The characterization of CO2 adsorption of GO foams was carried out in an isolated CO2 measurement system based on the use of the MHZ-19B reference CO2 sensor in parts per million (ppm)74, which presents an optical measurement mechanism, allowing accurate measurements to be obtained in a wide range, from 0 to 5000 ppm ± 50 ppm. For this, a reaction for CO2 generation was introduced at the bottom of a closed system; this reaction is based on the reaction given by Eq. (1).
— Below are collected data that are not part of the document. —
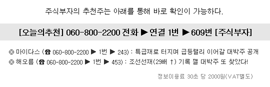 ■ 추천 종목은 기사가 게재되는 연관 종목과 다를 수 있으니 추천 종목명을 꼭 확인하시기 바랍니다. ■ 본 자료는 정보제공을 위한 보도 자료입니다. 본 정보는 이데일리의 편집방향과 다를 수 있습니다. 제공되는 정보는 참고자료일 뿐이며, 본 사이트를 통해 제공된 정보에 의해 행해진 거래에 대해서 당사는 법적인 책임을 지지 않습니다.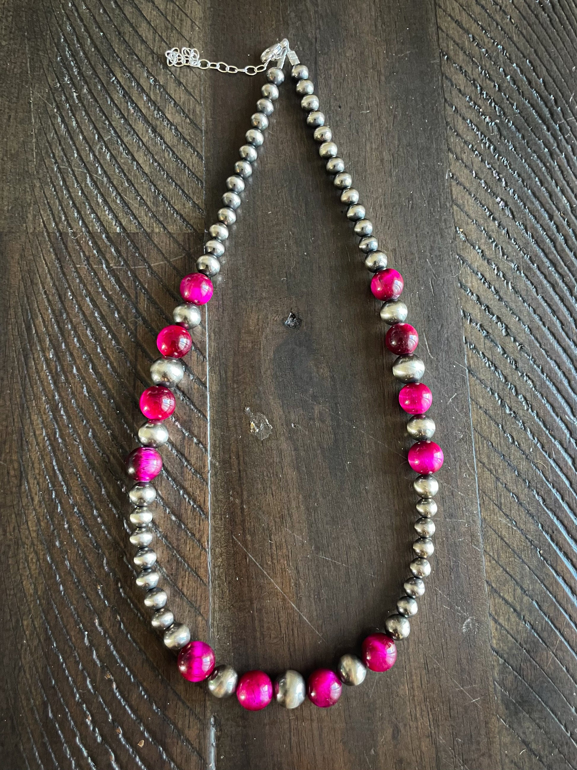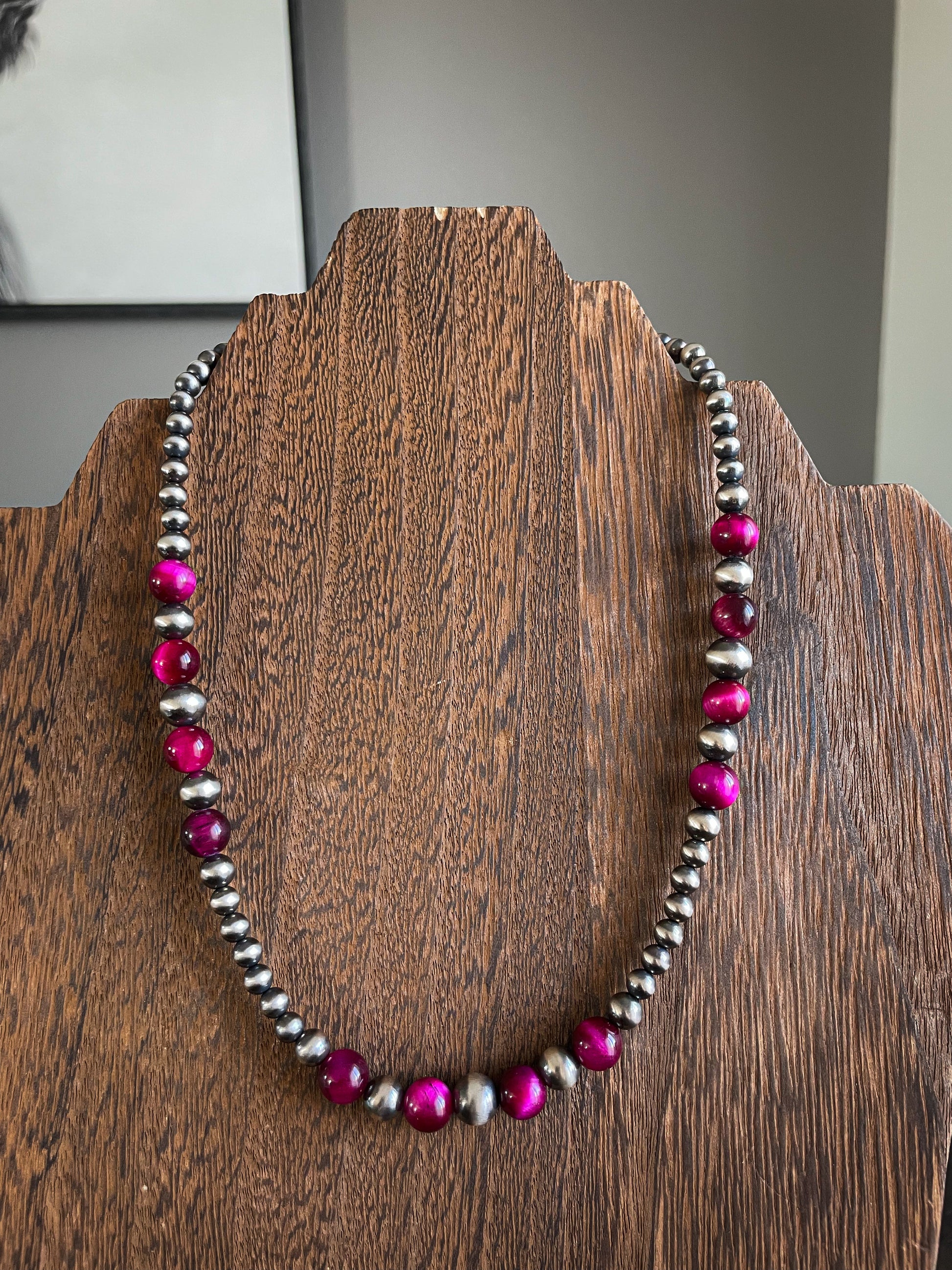 Features 5/6/7/8mm pearls and pink tigers eye beads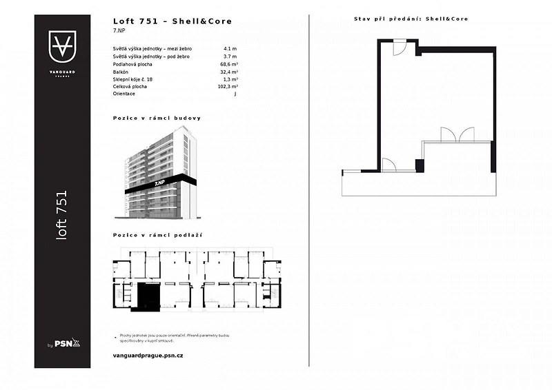 Představujeme vám jedinečnou příležitost stát se majitelem loftu v ikonické rezidenci Vanguard Prague, kde se industriální design setkává s moderním životním stylem. Tento loft nabízí celkovou obytnou plochu 68,6 m2 a velkorysý balkon o velikosti 32,4 m². Prostor nabízíme jako shell/core, který dává vyniknout vaší kreativitě a definuje vaši představu o domově. Vanguard Prague – bydlení jako v 5* hotelu. Rezidence Vanguard Prague představuje standard moderního života. Jako rezident můžete využívat špičkových služeb a vybavení, které jsou součástí tohoto prestižního projektu. Recepce s nepřetržitým provozem (24/7) a concierge zajistí váš komfort a bezpečí. Pro chvíle odpočinku a regenerace je k dispozici soukromé Spa s 18 m bazénem, vířivkou, saunou a párou, stejně jako plně vybavené fitness centrum. Lokalita, která má co nabídnout Rezidence se nachází v atraktivní části Modřan, která kombinuje klid rezidenční čtvrti s rychlou dostupností do centra Prahy. Vedle domu zastávka tramvaje a autobusu. Okolí nabízí bohaté možnosti aktivního i relaxačního vyžití – od cyklostezek podél Vltavy, golfového hřiště Hodkovičky až po moderní restaurace a kulturní místa. Bydleni ve Vanguard je perfektní volbou pro ty, kteří hledají prostor, který spojuje kreativitu, design, funkčnost, jedinečnost a komfort bydlení. Tato nabídka představuje více než jen bydlení – je to nová definice životního stylu. Popis nemovitosti • industriální stavba • rekonstrukce v r. 2023 • wellness • bazén • soukromé kino • recepce • 24/7 ostraha • Concierge • Restaurace v domě • Střešní panoramatická terasa • Grilovací terasa • Parkovací místa • Úložné prostory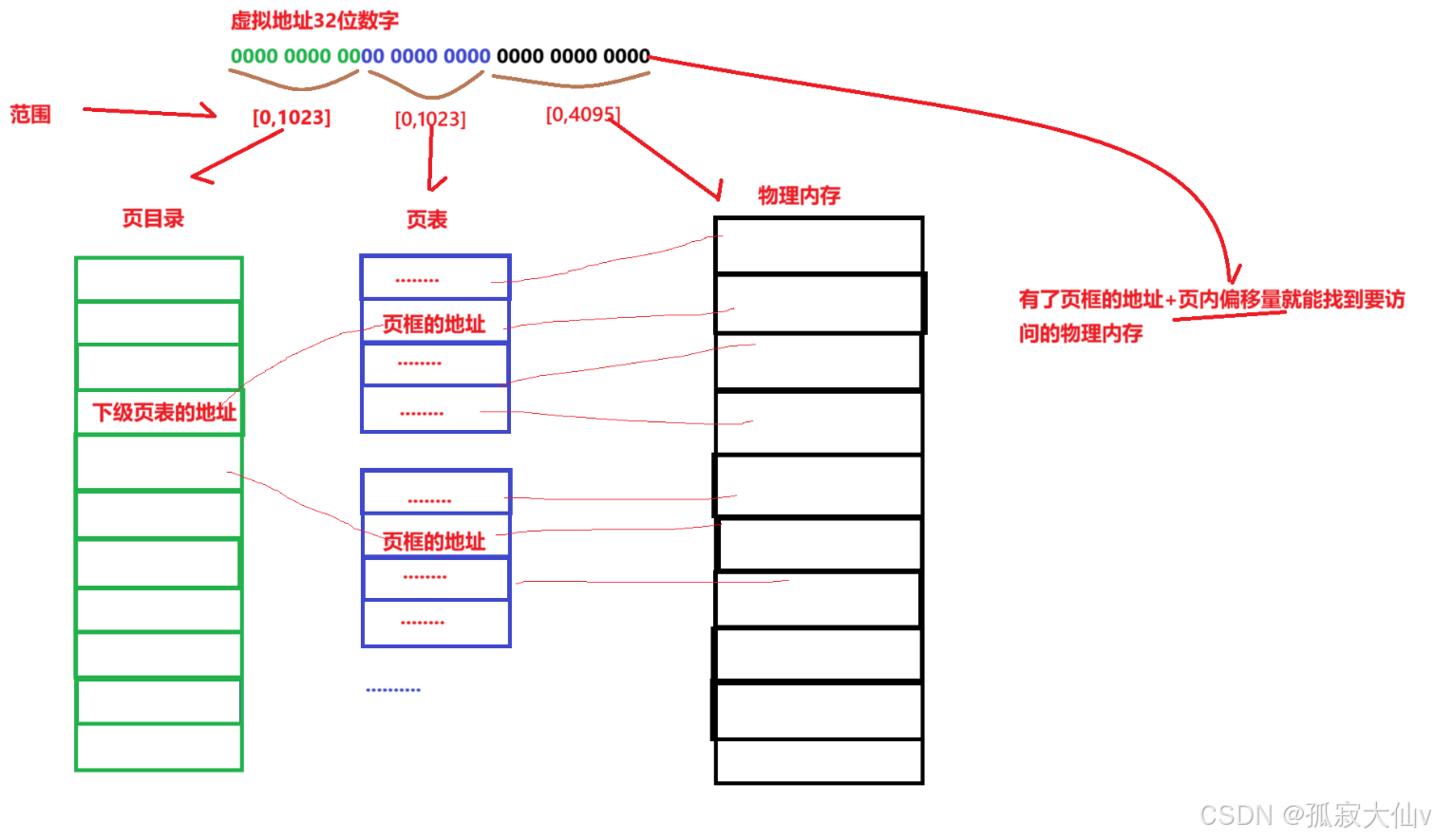 如图虚拟地址的前10位查页目录表,找到对应的页表地址。中间10位查页表,找到对应的页框的地址。最后12位页框内部的偏移量。这时就拿到了页内偏移量,就能找到对应的物理内存的地址了(页框地址+页内偏移量)。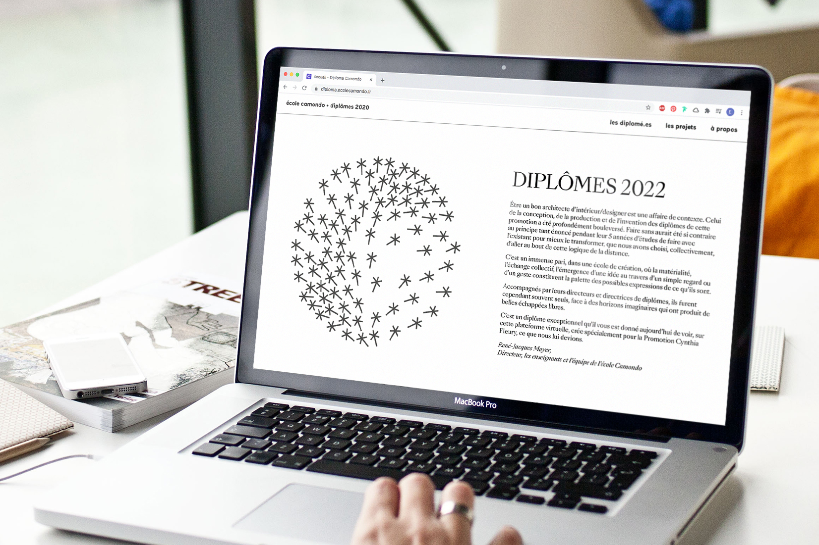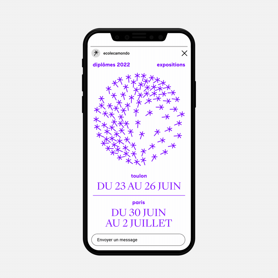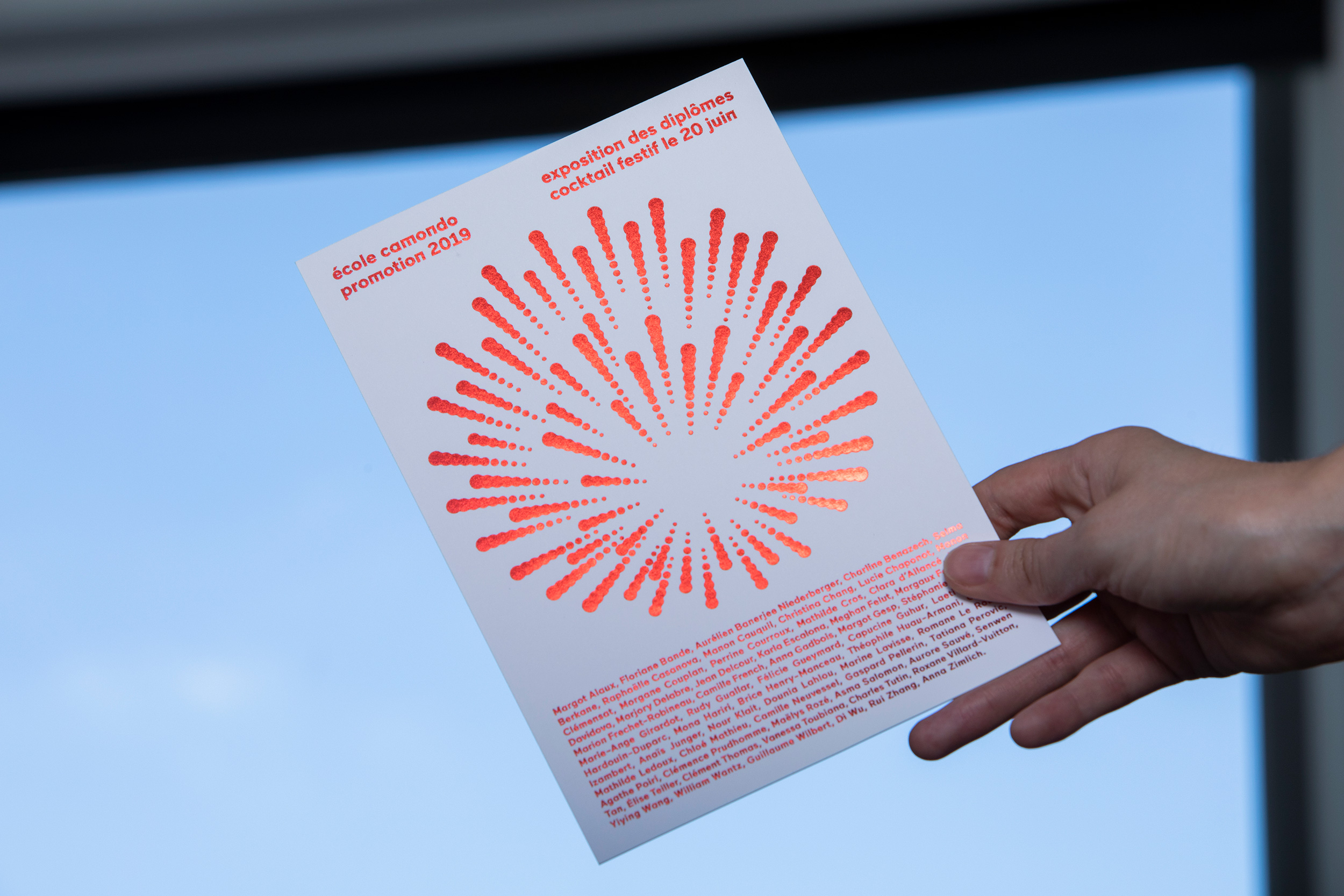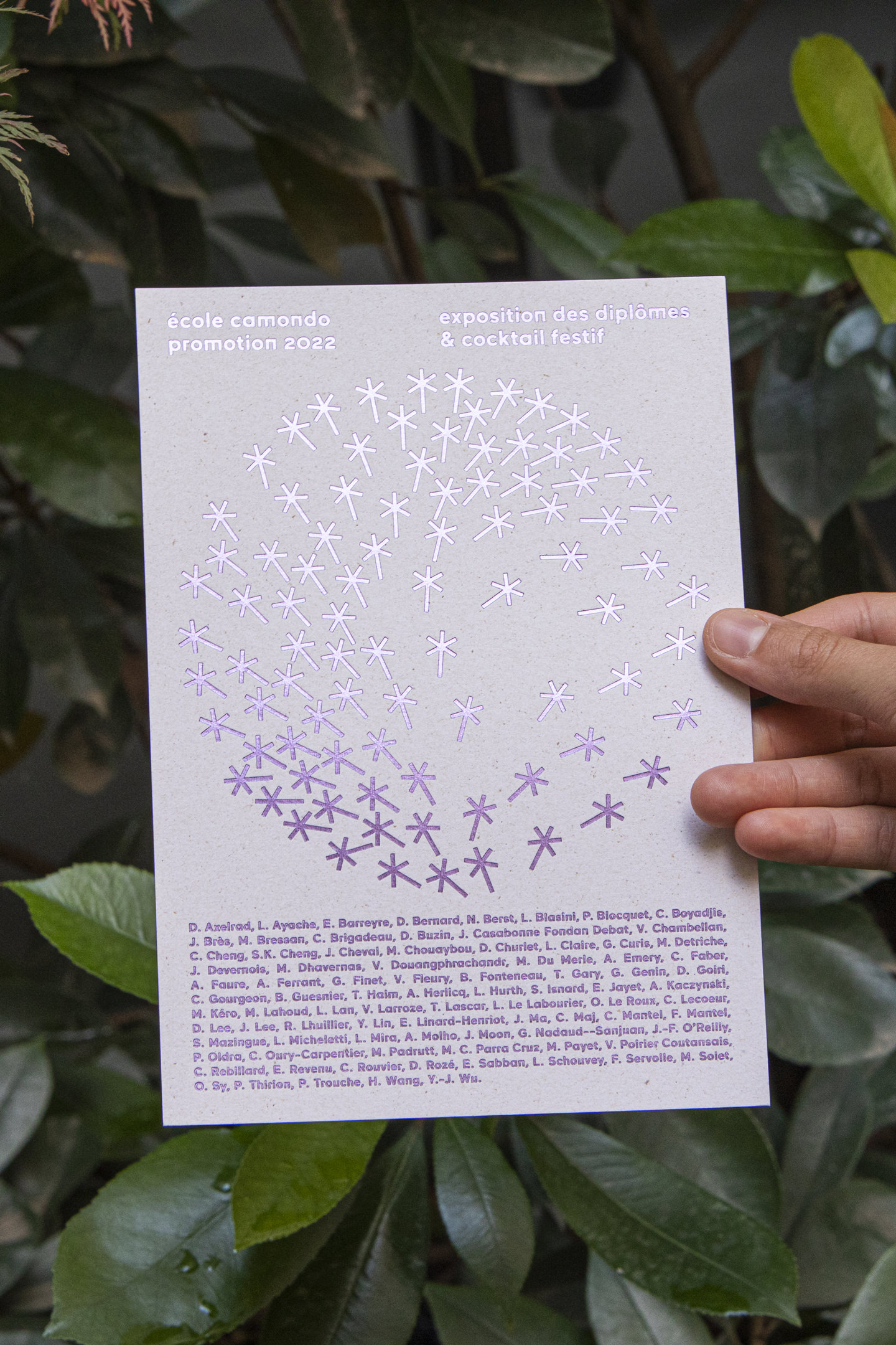 Camondo ne badine pas avec le diplôme. Chaque année, en mai, nous concevons les invitations à l’exposition clôturant le cursus de 5 ans en design et architecture d’intérieur. Dessiné comme un tout composé d’éléments multiples, en nombre strictement identique à celui des jeunes diplômés, le signe de ralliement de la promotion se déploie sur papier, dans l’espace et à l’écran.

$${\text{NaHCO}}_{{{3}({\text{solid}})}} + {\text{ CH}}_{{3}} {\text{COOH}}_{{({\text{liquid}})}} \to {\text{CH}}_{{3}} {\text{COONa}}_{{({\text{liquid}})}} + {\text{ H}}_{{2}} {\text{O}}_{{({\text{liquid}})}} + {\text{ CO}}_{{{2}({\text{gas}})}}$$
(1)

To guarantee controlled CO2 production within the system, two compounds were used: acetic acid and sodium bicarbonate, which give as product three other compounds: sodium acetate, water (H2O), and carbon dioxide (CO2), making it an efficient and low-cost CO2 production. An MH-Z19B CO2 sensor is located above of the GO foam to ensure better reading of the CO2 adsorption (Fig. 3). In the first part of Fig. 3, the CO2 source (NaHCO3 (solid) + CH3COOH (liquid) reaction) is located in the lower part of the experiment, and in the second part of Fig. 3, our sample holder is located in said CO2 source, followed by the third part; for this, the material under study is located on the sample holder and, thus, said material is located in our gas source. Finally, as a fourth part, the system is sealed with the upper cover (which has the sensors) that will prevent the gas from leaking into the system.

Figure 3
figure 3

CO2 adsorption characterization system (GO–Foam–CO2) for GO foams developed herein.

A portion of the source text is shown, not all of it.